8. Do Good Deeds “For the Sake of the Qur’an”
- When one experiences extra difficulty in memorizing or has just finished a great portion, give some small financial or action-based charity and ask Allah (swt) to accept it for the Qur’an; ask Allah subhanahu wa ta’alafervently for tawfiq (success), for sincerity, and for a love life with His Words.
- The Qur’an is special and it does not “need” us. We need the Qur’an to guide us and to enrich our lives. The Qur`an isn’t going to just come to anyone who attempts to memorize it, then leaves it, then attempts it, then leaves it. It also doesn’t just easily lend itself to individuals who knowingly commit sins and persist in those sins without regret and without seeking to change. As one Shaykh taught, “The Qur’an is Aziz(dear, noble, venerated). If you don’t want to be with it or memorize it, then it’s not going to ‘wait around’ for you.” You want to be special to the Qur’an?
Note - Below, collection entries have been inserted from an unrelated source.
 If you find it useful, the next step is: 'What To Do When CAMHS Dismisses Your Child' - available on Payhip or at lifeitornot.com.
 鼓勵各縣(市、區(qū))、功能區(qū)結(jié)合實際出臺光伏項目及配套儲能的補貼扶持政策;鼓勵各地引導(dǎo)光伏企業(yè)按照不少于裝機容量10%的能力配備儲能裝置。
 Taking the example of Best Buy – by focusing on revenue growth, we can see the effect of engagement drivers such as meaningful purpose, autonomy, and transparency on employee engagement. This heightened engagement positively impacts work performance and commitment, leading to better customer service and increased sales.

Work for it through your righteous actions when you’re not working with it directly.
9. Honor One’s Parents
- As I learned from an anecdote shared by Imam Suhaib Webb, the pleasure of one’s parents incredibly aids in easing the memorization of the Qur`an. The more one wants to memorize, the more one should increase in treating their parents with dignity, respect and appreciation through words, through actions and through merciful companionship. (Thank you Mom and Dad!!)
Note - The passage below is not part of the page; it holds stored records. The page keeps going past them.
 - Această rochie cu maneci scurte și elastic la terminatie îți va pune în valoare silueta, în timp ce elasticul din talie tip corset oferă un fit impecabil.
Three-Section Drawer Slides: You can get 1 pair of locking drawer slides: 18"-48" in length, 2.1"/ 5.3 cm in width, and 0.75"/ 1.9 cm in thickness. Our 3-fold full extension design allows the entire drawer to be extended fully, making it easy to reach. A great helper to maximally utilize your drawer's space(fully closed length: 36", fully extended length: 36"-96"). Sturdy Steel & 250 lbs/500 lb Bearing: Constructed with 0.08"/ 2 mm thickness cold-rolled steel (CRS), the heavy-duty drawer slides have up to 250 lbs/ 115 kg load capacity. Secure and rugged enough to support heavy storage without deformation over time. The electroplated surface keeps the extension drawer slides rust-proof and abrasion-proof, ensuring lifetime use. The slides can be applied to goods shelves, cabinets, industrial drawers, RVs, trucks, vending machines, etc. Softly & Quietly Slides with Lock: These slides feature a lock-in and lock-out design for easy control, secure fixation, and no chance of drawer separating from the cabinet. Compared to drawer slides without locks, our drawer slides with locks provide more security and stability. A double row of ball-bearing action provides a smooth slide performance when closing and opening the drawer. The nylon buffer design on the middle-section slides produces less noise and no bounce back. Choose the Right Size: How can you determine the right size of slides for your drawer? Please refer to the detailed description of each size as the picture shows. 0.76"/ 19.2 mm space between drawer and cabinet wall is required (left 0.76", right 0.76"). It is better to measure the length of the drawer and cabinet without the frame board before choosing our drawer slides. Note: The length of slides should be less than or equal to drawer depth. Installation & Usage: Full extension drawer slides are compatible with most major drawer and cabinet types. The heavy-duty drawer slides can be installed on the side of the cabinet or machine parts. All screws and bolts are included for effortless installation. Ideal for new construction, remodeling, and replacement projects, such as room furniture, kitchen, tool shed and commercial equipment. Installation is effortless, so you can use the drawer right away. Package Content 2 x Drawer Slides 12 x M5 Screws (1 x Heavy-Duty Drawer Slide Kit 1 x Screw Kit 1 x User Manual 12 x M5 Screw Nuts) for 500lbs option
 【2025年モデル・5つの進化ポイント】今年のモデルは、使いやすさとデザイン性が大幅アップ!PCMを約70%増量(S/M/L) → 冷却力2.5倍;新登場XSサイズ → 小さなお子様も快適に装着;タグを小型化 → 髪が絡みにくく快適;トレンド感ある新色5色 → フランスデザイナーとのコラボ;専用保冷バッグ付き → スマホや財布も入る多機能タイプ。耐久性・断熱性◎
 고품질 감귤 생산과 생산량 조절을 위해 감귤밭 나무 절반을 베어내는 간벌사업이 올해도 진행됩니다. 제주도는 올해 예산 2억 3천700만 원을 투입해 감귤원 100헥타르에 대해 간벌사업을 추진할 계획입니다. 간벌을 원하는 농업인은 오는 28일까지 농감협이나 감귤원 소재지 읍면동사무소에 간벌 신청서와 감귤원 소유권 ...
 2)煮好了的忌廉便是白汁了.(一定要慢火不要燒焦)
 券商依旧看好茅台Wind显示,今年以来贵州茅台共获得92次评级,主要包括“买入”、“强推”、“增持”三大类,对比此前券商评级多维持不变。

10. The Qur’an Should Spark an Internal Revolution
- Even more important than memorizing the Qur’an is allowing it catalyze one’s transformation. If one’s character is not reforming and improving, there’s a serious problem. Check your heart from the start and keep checking it; one’s actions should become more balanced and stronger in quality when interacting with the Qur’an.
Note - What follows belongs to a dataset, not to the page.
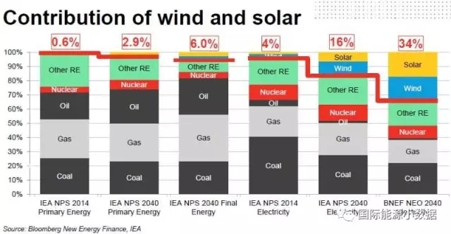 然而,其他機(jī)構(gòu)的預(yù)測(cè)要大大低于BNEF的預(yù)測(cè)。比如國(guó)際能源署(IEA)認(rèn)為2040年的風(fēng)電光伏占總發(fā)電量的比例約為16%,在一次能源消費(fèi)中僅占2.9%。
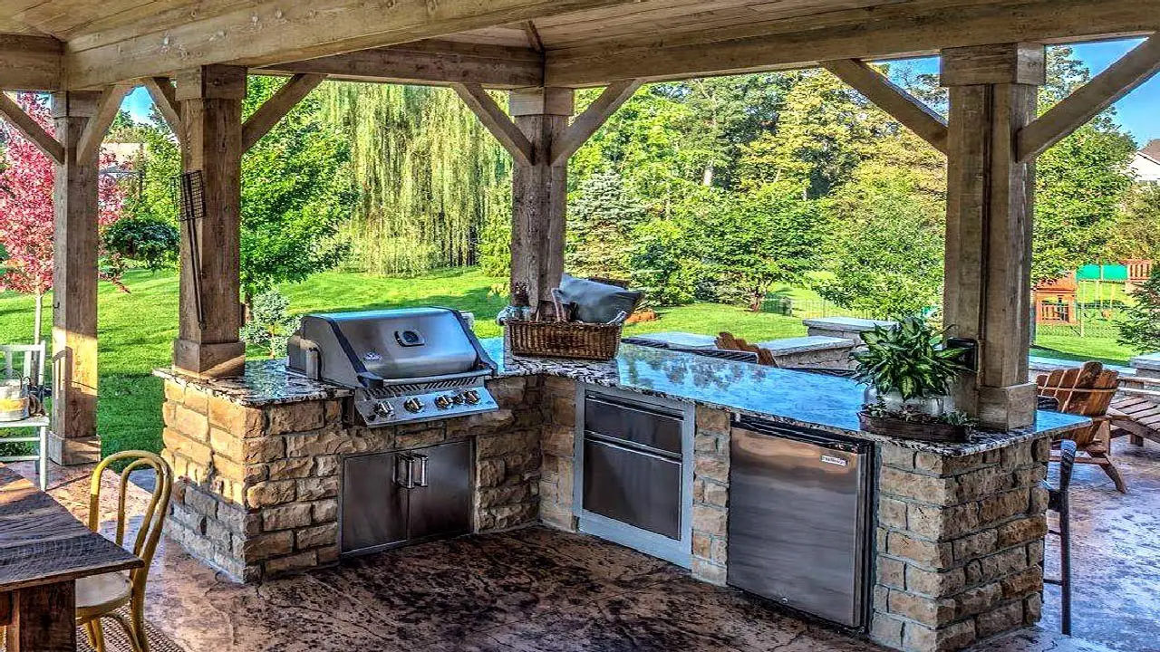 Timeless and durable, a brick patio kitchen offers warmth and character. A red brick island with a granite top pairs beautifully with wrought iron fixtures. Add a built-in grill, smoker, and wood-fired oven for versatility. Surround the area with lush landscaping and soft lighting to highlight the texture of the brick. A matching brick fireplace or fire pit nearby enhances the cozy feel. This design delivers a nostalgic yet enduring aesthetic—perfect for family cookouts and evening gatherings all year round.

Many people feel facing the challenge of memorizing the Qur`an is too difficult of a task. They may have tried it and given up, dabbled in it and lost focus or drive or simply refused to consider the idea because they feel it insurmountable. Think of memorizing the Qur`an like lifting weights. For a person who has never worked out and who desires the health benefits of increasing their strength, they may begin with just a few pounds. As they continue, the amounts they began with will feel insignificant in comparison to the heavy amounts they are now able to lift.
Similarly, beginning the memorization of the Qur’an seems difficult. One verse, two verses, may take a long time to memorize correctly; getting the pronunciation down perfectly may take years, remembering the order of the words may be a frustrating task. However, when one commits to it and makes it a part of their daily responsibilities, it becomes easier and easier. The two verses that took an hour to memorize will turn into the memorization of one entire page in fifteen minutes.
The Qur’an is easy and The One Who revealed the Qur`an tells us, “And We have certainly made the Qur’an easy for remembrance, so is there any who will remember?” (Qur`an, 54:17). It just takes dedication, commitment and time. Even if it takes you, as it took me, seven years, ten years, fifteen years, imagine being able to say, “I had a seven-year memorization relationship with the Qur’an and the quality of my life improved in every second. Now that I’m finished, an incredibly exciting chapter of our long-term, eternal relationship is about to begin!”
We all seek for our hearts to be in a state of contentment, tranquility and ease. Allah subhanahu wa ta’ala tells us, “Those who believe, and whose hearts find rest in the remembrance of Allah, verily, in the remembrance of Allah do hearts find rest,” (Qur‘an, 13: 28).
The best form of remembrance is that of the Qur`an. Will you allow your heart to find rest through it?